Postulato 2: è pubblicità ingannevole (!!!), gli atei non possono provare che Dio non esiste. Il nostro diritto si basa sulla formula “Onus probandi incumbit ei qui dicit” e nessun credente può provare che Dio esiste, come non può provare che Shiva e Ganesha non esistono, come non può provare che siamo stati creati da uno mostro di spaghetti volante o che c’è una teiera che orbita attorno Marte. Diciamo che le possibilità sarebbero molte, basta lavorare di fantasia. Ma questa è una vecchia disputa che non porta a niente. E poi la Chiesa Cattolica di pubblicità ingannevole ne ha sempre fatta, mi piacerebbe fare un sondaggino chiedendo se gli italiani sono consci di dove vanno i loro soldi.

E sono invece d’accordo con quello che dice questo prete dal minuto 4 circa fino quasi al 7 circa. Il vero problema non è il messaggio in sè, ma il fatto che sono in pochi ad avere il coraggio delle proprie idee e dei propri atti. Guardando quella scritta la coscienza di molti può vacillare mettendoli di fronte alla realtà di non essere poi così credenti, che in Italia può essere ancora considerata disdicevole.

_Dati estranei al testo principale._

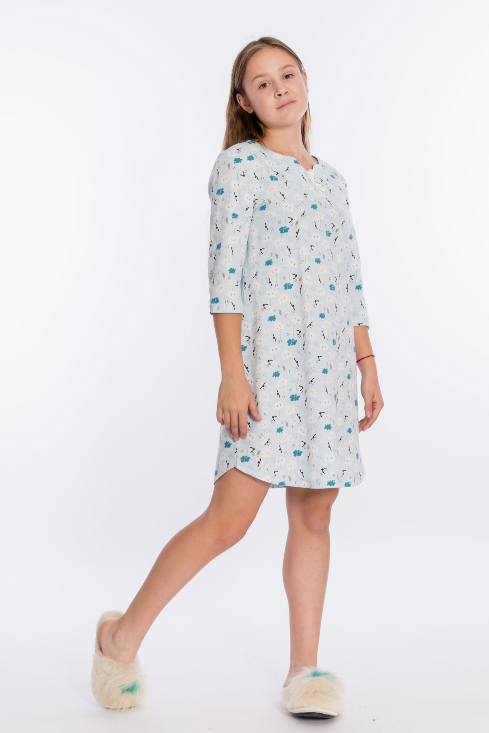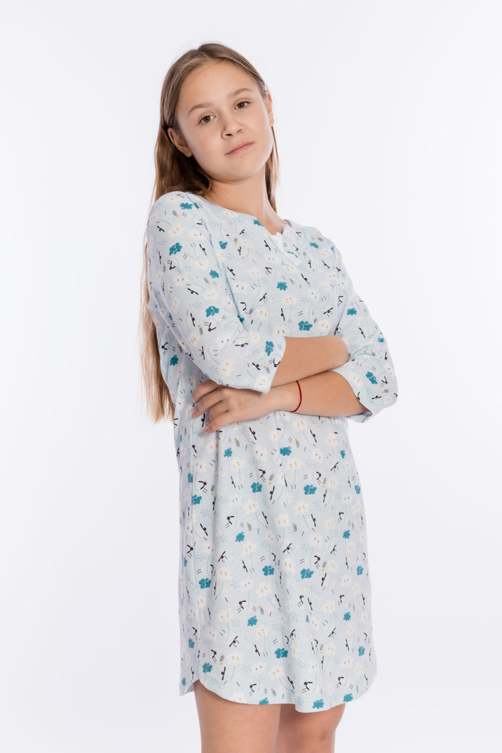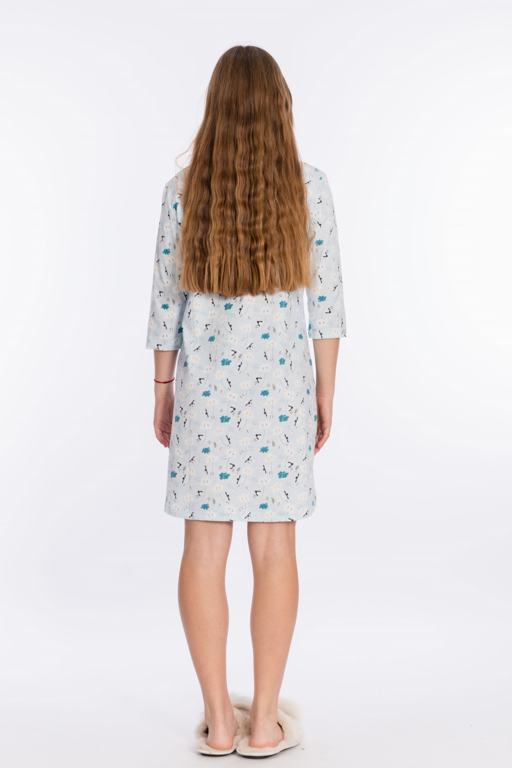 Сорочка из светлой кулирки с набивным рисунком, с втачным рукавом длиной 3/4. Спереди горловина оформлена декоративной "галочкой", ниже закреплен бантик. Низ сорочки со скруглением к боковому шву.
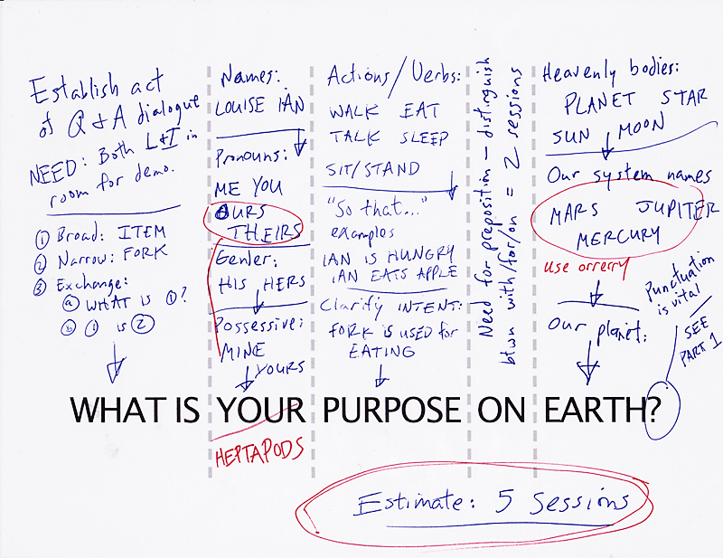 Habría, pues, que buscar factores comunes a dos especies distintas, que permitirían crear una zona de entendimiento mutuo. Entre ellos, se propusieron elementos de origen científico —matemáticas, química—, morfológico —en caso de que los alienígenas tuvieran extremidades y cuerpos con funciones semejantes a los nuestros—, protolingüísticos —sonidos onomatopéyicos—, y otros de utilidad más o menos dudosa.

Postulato 3: non si può ridurre la questione a uno spot. Finalmente siamo d’accordo. Allora discutiamone, e non con le ospitate di Odifreddi a Very Victoria. Discutiamone in prima serata con veri studiosi ed esperti. Ma questo può succedere solo nei miei sogni più selvaggi.

Postulato 4: (avevo detto che non avrei ripreso la frase con cui ho aperto ma mi secca vederla lì che troneggia su questo post) inqualificabile manifestazione di ateismo. E da qando l’ateismo è un reato o anche solo manifestarlo può essere giudicato inqualificabile? E’ inqualificabile tutto quello che è stato detto nei TG italiani su questa storia, è inqualificabile che i commenti delle parti in causa fossero sempre a vantaggio di una sola delle parti. E’ inqualificabile, e anche un reato per il quale l’Italia paga centinaia di migliaia di euro al giorno di multa, che Fede abbia ancora un posto da cui parlare all’Italia.